Thunderbolt 3以降やUSB4搭載モデルなら接続しやすいですが、購入前にMacBookの型番と対応解像度を確認してください。
スピーカーは付いていますか?
音はノートPC本体、イヤホン、外部スピーカーから出します。イヤホンジャックは両機種にあります。
ゲーム用にも使えますか?
どちらも応答速度1msですが、最大60Hzです。
RPGや動画視聴には使いやすいものの、120Hz以上を求める競技系ゲームには向きません。高リフレッシュレートが必要なら、ゲーミング向けのモバイルモニターを選びましょう。
MQ16FCとMQ16AHの違いまとめ
違いは、新型だけがOLEDになったことではありません。
- MQ16FCは16:10・1920×1200で縦に120ピクセル広い
- MQ16FCは最大65Wのパススルー充電に対応
- MQ16AHはDCI-P3 100%、HDR10を明記
- MQ16AHは約30g軽く、近接センサーを搭載
- どちらもOLED、1ms、60Hz、USB-C、Mini HDMIに対応
在宅ワーク、出張先の資料作成、コーディングを効率化したいならMQ16FCがおすすめです。

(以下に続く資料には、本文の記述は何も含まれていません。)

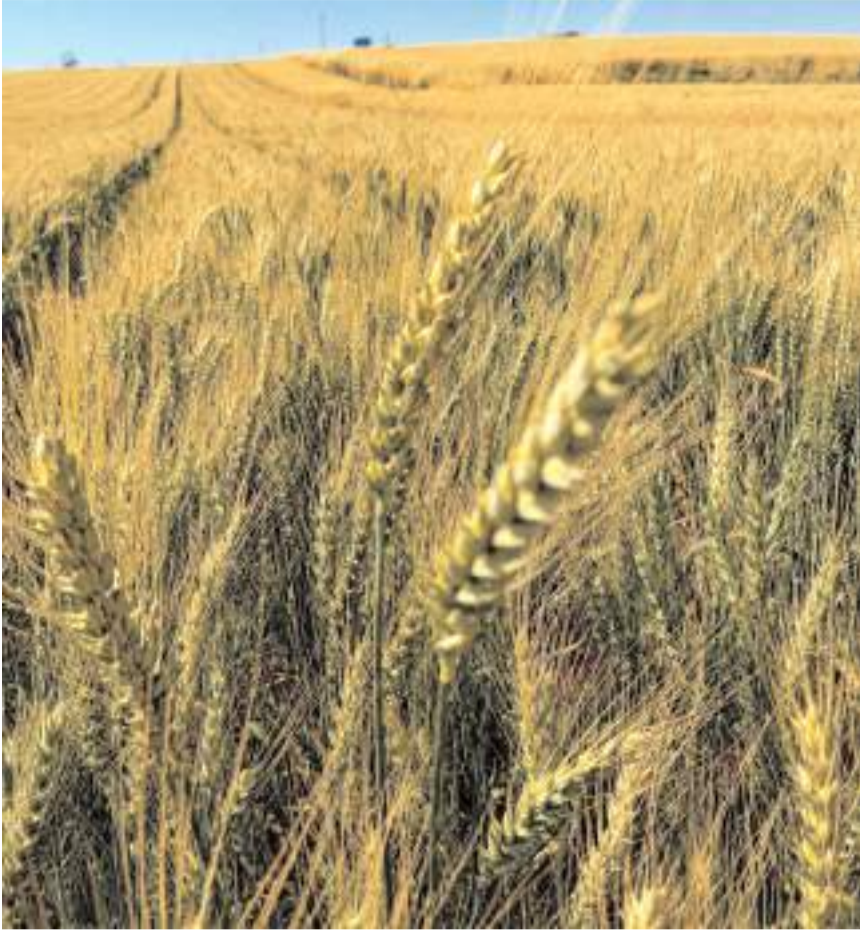
Demonstrasyon çalışması kapsamında, Çorum'da ilk kez ekimi gerçekleştirilen yerli ve milli yazlık buğday çeşidi 'kirve', gelişim performansıyla dikkat çekti.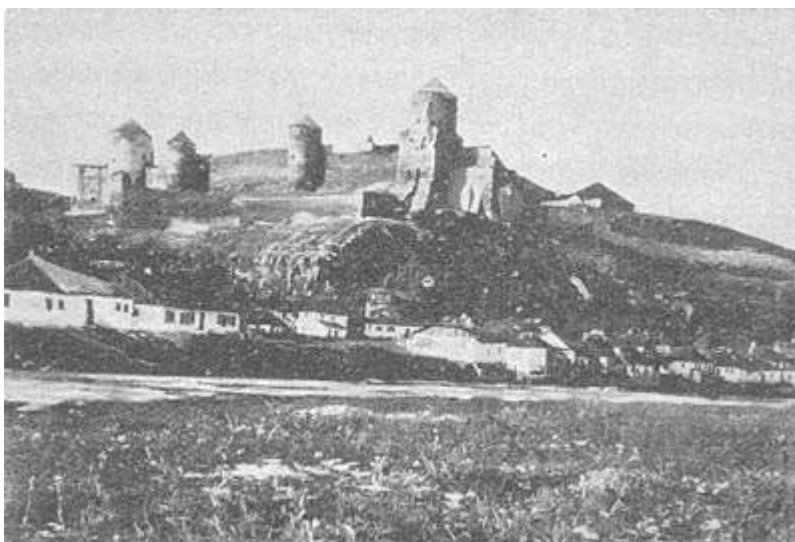
Г. Каменец-Подольский. Турецкая крепость.

не могли разъехаться. Не доходя ворот замка, находится слева вход в погреб, о котором народное предание утверждает, что это — начало подземного хода, соединявшего между собою каменецкую и хотинскую крепости. Напротив этого подземелья, на углу замковой ограды, справа, находится четырехугольная башня, тремя своими сторонами выходящая наружу. Со стороны до-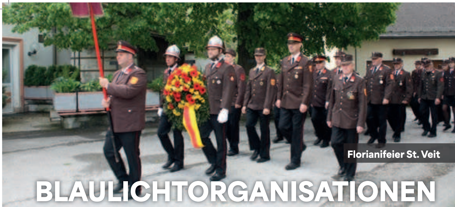
Florianifeier St. Veit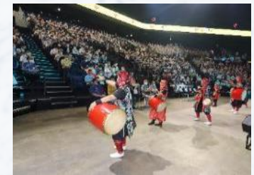
記念大会 (周年行事)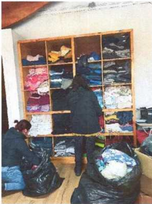
Imagen N° 1. Separación, orden y limpieza de la ropa en el punto de acopio.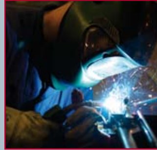
Ook voor laswerk worden WVK’ers ingezet

stand. Kijk, als ik een engineer nodig heb voor onze hoogwaardige metaalbewerking, dan ga ik echt niet naar WVK-groep. Maar voor eenvoudig montage- en aflakwerk is het een geschikt adres. Je krijgt medewerkers met inzet die bovendien trouw zijn aan de taak waar ze voor staan.”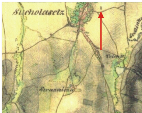
Druhá lokalita mlýna. II. vojenské mapování.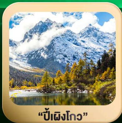
“ปี้ผิงโกว”

ชมธรรมชาติ 2 อุทยานขึ้นชื่อ อุทยานภูเขาสี่ครุณี + อุทยานปี้ผิงโกว สะพานหนานเฉียว • ถนนคนเดินไท่กู่หลี่ + ซุนซีลู่ + Pop Mart • ตงเจียวจื่อ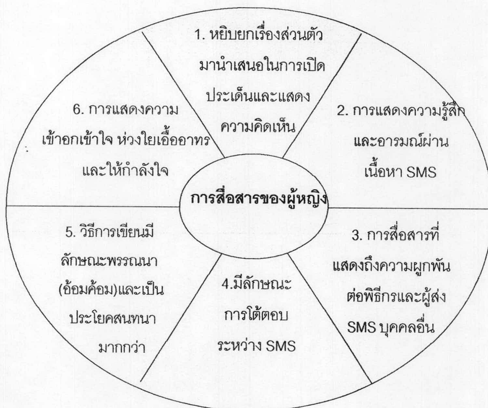
รูปภาพที่ 19 แสดงคุณลักษณะวิธีการสื่อสารของเพศหญิงในรายการเล่าข่าวสำหรับสตรี

ทั้งนี้ สามารถแยกคุณลักษณะวิธีการสื่อสารของเพศหญิง ได้ดังนี้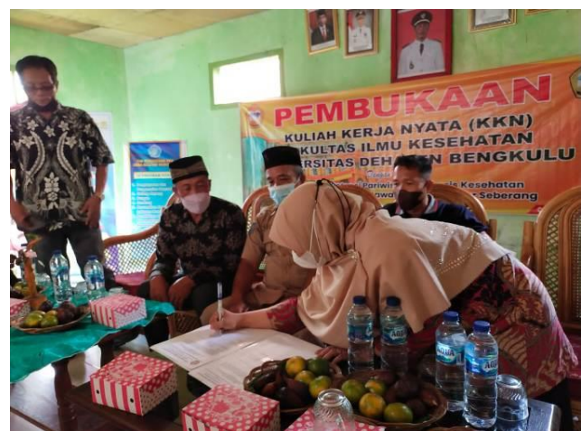
Gambar 3. Penanda-tanganan BAP Penyerahan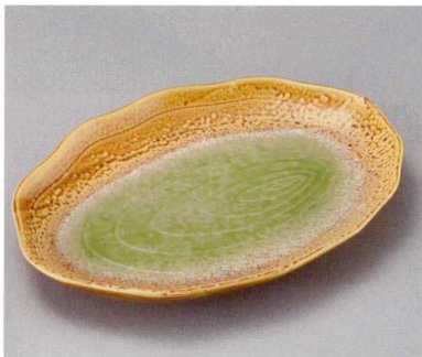
26908-179 伊良保8吋小判皿 1,100円 (215×154×22mm) 26909-179 伊良保9吋小判皿 1,320円 (241×171×25mm) 26910-179 伊良保12吋小判皿 3,570円 (316×223×36mm)

写真・映像の色域、HDR、軽さを優先するならMQ16AHがおすすめです。すでに旧型を使っている人も、縦幅やパススルー充電に困っていなければ買い替えなくて大丈夫です。
迷ったら、普段使うアプリをノートPCで開き、縦120ピクセル増えたら何を置けるか考えてみてください。行やタイムラインを増やせるならMQ16FC。色確認と16:9動画が中心ならMQ16AHが合います。